Exercise directions -> Where the lines below hold images, skip those and copy every word exactly.

===== Data shown

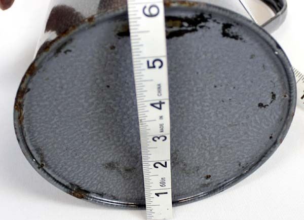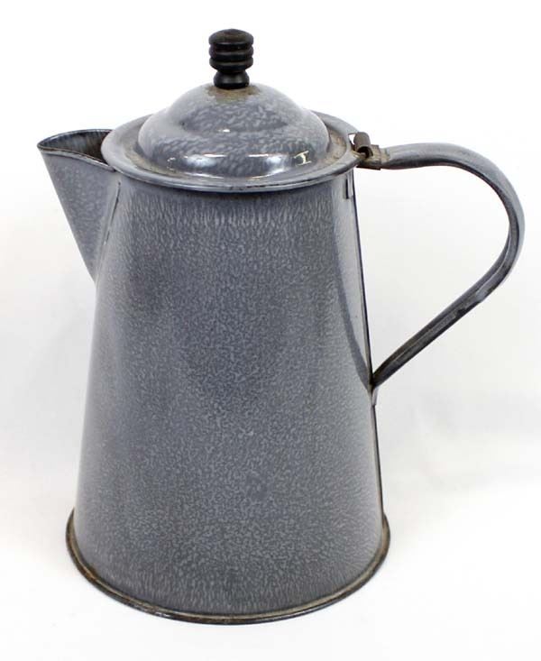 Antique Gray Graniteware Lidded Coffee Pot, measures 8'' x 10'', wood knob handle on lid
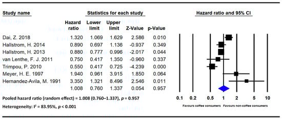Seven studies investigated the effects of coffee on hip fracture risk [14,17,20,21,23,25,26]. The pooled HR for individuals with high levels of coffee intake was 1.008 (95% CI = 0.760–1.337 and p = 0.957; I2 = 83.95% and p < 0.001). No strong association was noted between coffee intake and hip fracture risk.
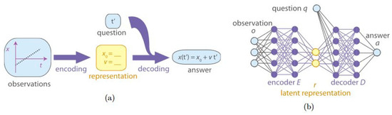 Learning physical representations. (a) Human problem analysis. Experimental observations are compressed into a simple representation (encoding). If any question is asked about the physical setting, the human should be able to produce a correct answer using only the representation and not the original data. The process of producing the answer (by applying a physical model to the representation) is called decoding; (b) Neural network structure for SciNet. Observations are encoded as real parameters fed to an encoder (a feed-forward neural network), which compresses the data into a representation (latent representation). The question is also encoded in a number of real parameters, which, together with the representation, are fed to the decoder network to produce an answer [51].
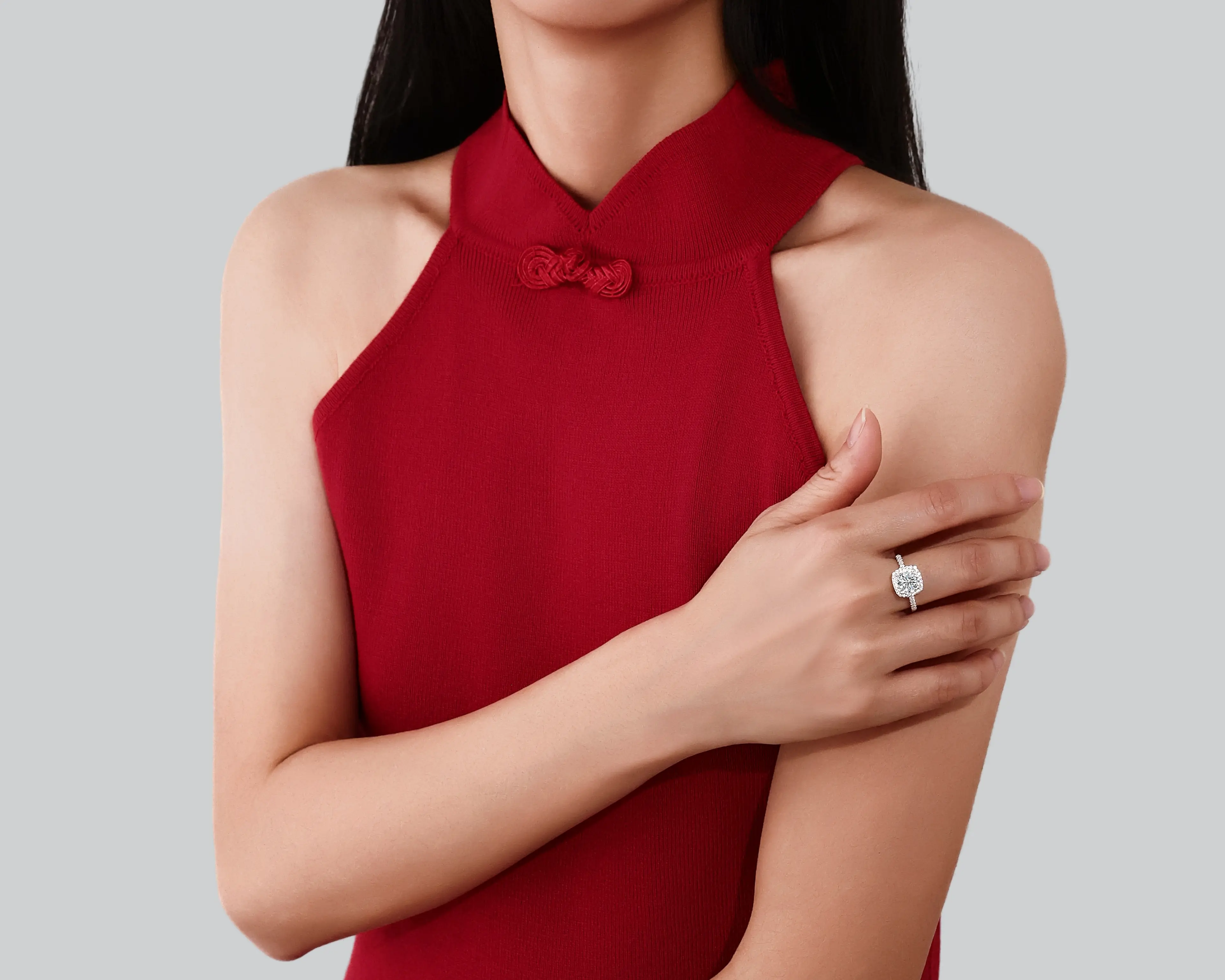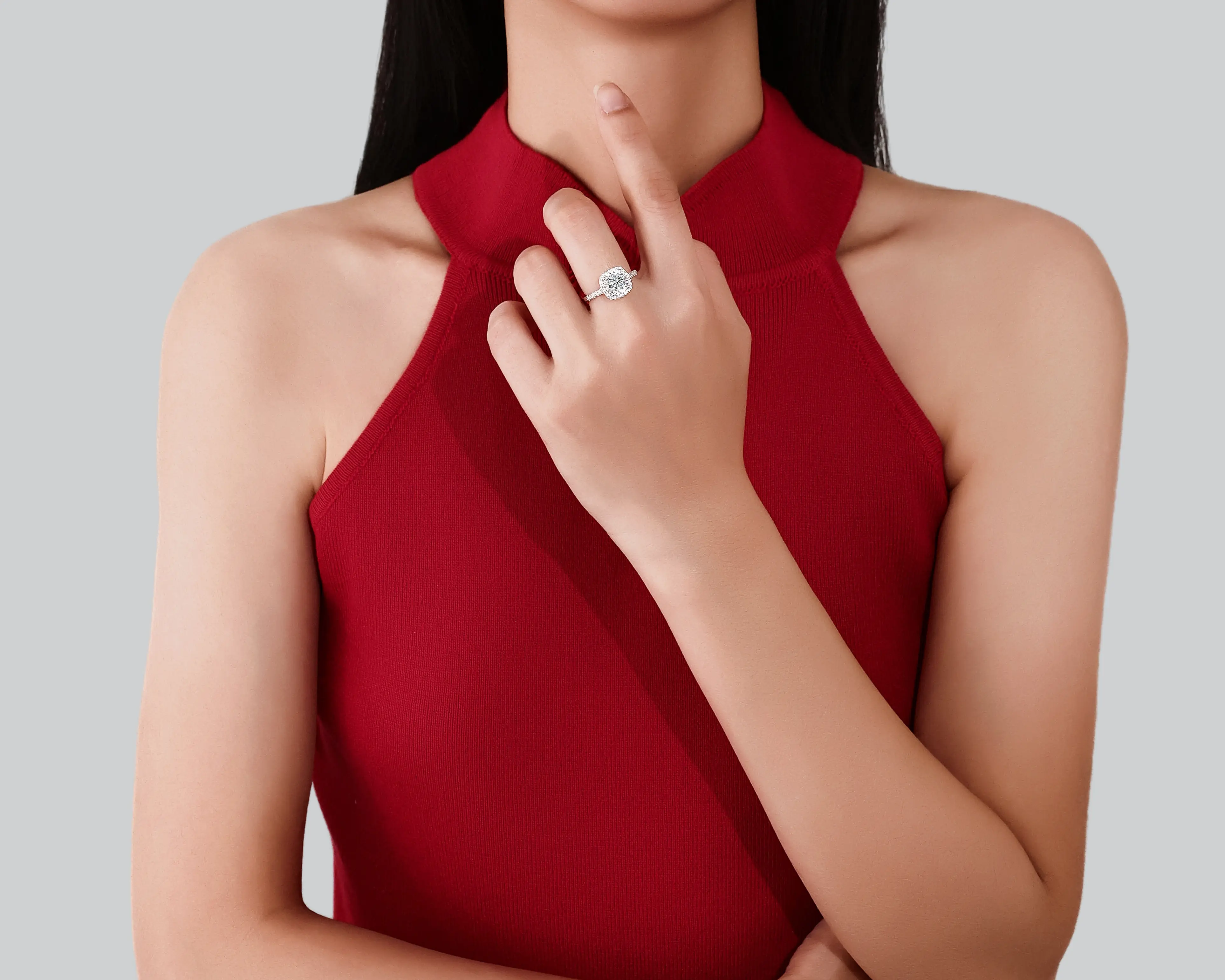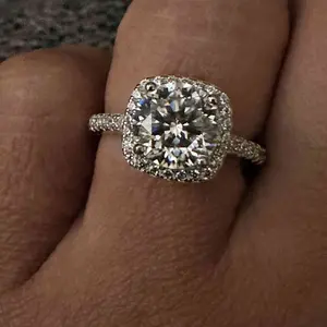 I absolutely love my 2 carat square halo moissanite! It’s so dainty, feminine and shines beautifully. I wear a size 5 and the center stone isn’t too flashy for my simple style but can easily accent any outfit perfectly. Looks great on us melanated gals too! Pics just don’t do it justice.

==========

Result of the task ->
 Antique Gray Graniteware Lidded Coffee Pot, measures 8'' x 10'', wood knob handle on lid
Seven studies investigated the effects of coffee on hip fracture risk [14,17,20,21,23,25,26]. The pooled HR for individuals with high levels of coffee intake was 1.008 (95% CI = 0.760–1.337 and p = 0.957; I2 = 83.95% and p < 0.001). No strong association was noted between coffee intake and hip fracture risk.
 Learning physical representations. (a) Human problem analysis. Experimental observations are compressed into a simple representation (encoding). If any question is asked about the physical setting, the human should be able to produce a correct answer using only the representation and not the original data. The process of producing the answer (by applying a physical model to the representation) is called decoding; (b) Neural network structure for SciNet. Observations are encoded as real parameters fed to an encoder (a feed-forward neural network), which compresses the data into a representation (latent representation). The question is also encoded in a number of real parameters, which, together with the representation, are fed to the decoder network to produce an answer [51].
 I absolutely love my 2 carat square halo moissanite! It’s so dainty, feminine and shines beautifully. I wear a size 5 and the center stone isn’t too flashy for my simple style but can easily accent any outfit perfectly. Looks great on us melanated gals too! Pics just don’t do it justice.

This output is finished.